In the material below, find the line with "5月25日下午4点多,山阳县" and the line with "Cvalem do dětského". Output exactly those two lines and all lines between them, leaving out pictures.

───── PROVIDED MATERIAL ─────

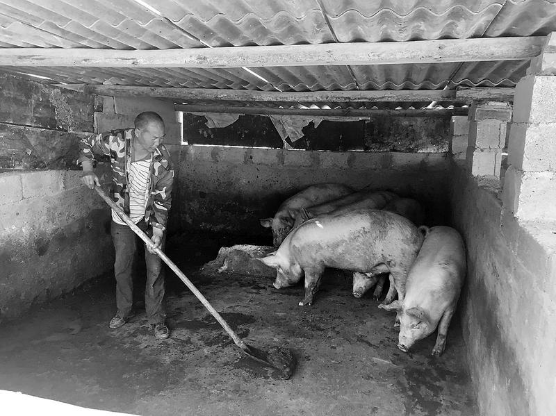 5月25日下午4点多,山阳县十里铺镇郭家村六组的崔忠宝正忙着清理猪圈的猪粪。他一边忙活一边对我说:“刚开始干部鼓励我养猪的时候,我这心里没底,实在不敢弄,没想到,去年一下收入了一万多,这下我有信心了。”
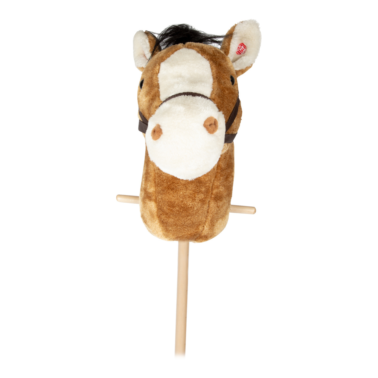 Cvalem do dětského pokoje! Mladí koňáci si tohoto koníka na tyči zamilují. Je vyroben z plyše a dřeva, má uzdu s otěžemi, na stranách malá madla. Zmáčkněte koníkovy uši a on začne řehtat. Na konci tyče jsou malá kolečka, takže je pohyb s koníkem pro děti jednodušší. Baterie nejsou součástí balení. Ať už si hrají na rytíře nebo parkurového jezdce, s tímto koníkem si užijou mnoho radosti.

─────
───── PROVIDED MATERIAL ─────

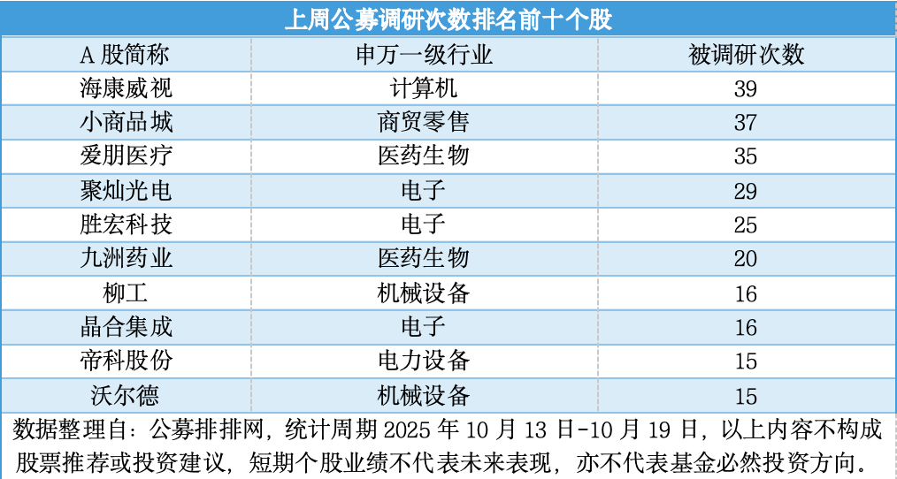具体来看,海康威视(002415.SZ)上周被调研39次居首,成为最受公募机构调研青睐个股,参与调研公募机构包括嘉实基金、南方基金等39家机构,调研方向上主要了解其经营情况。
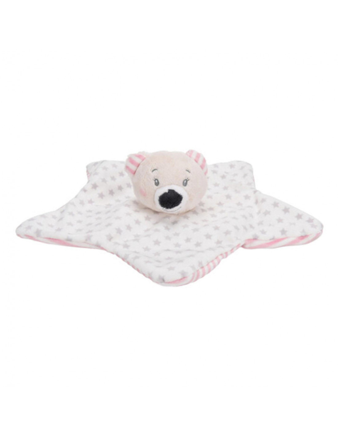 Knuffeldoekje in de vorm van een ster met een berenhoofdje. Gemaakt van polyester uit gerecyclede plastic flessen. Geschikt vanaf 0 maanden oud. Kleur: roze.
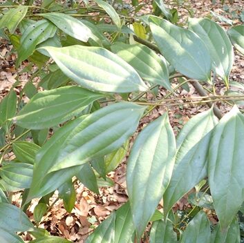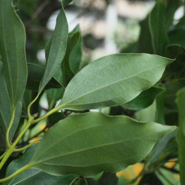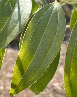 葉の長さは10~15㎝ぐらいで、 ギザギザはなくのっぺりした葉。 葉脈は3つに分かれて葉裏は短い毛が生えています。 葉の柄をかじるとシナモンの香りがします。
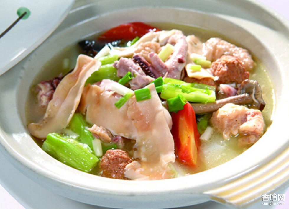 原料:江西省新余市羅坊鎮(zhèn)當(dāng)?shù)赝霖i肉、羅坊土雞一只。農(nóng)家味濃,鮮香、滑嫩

─────

▸ OUTPUT OF THE EXERCISE:
 5月25日下午4点多,山阳县十里铺镇郭家村六组的崔忠宝正忙着清理猪圈的猪粪。他一边忙活一边对我说:“刚开始干部鼓励我养猪的时候,我这心里没底,实在不敢弄,没想到,去年一下收入了一万多,这下我有信心了。”
 Cvalem do dětského pokoje! Mladí koňáci si tohoto koníka na tyči zamilují. Je vyroben z plyše a dřeva, má uzdu s otěžemi, na stranách malá madla. Zmáčkněte koníkovy uši a on začne řehtat. Na konci tyče jsou malá kolečka, takže je pohyb s koníkem pro děti jednodušší. Baterie nejsou součástí balení. Ať už si hrají na rytíře nebo parkurového jezdce, s tímto koníkem si užijou mnoho radosti.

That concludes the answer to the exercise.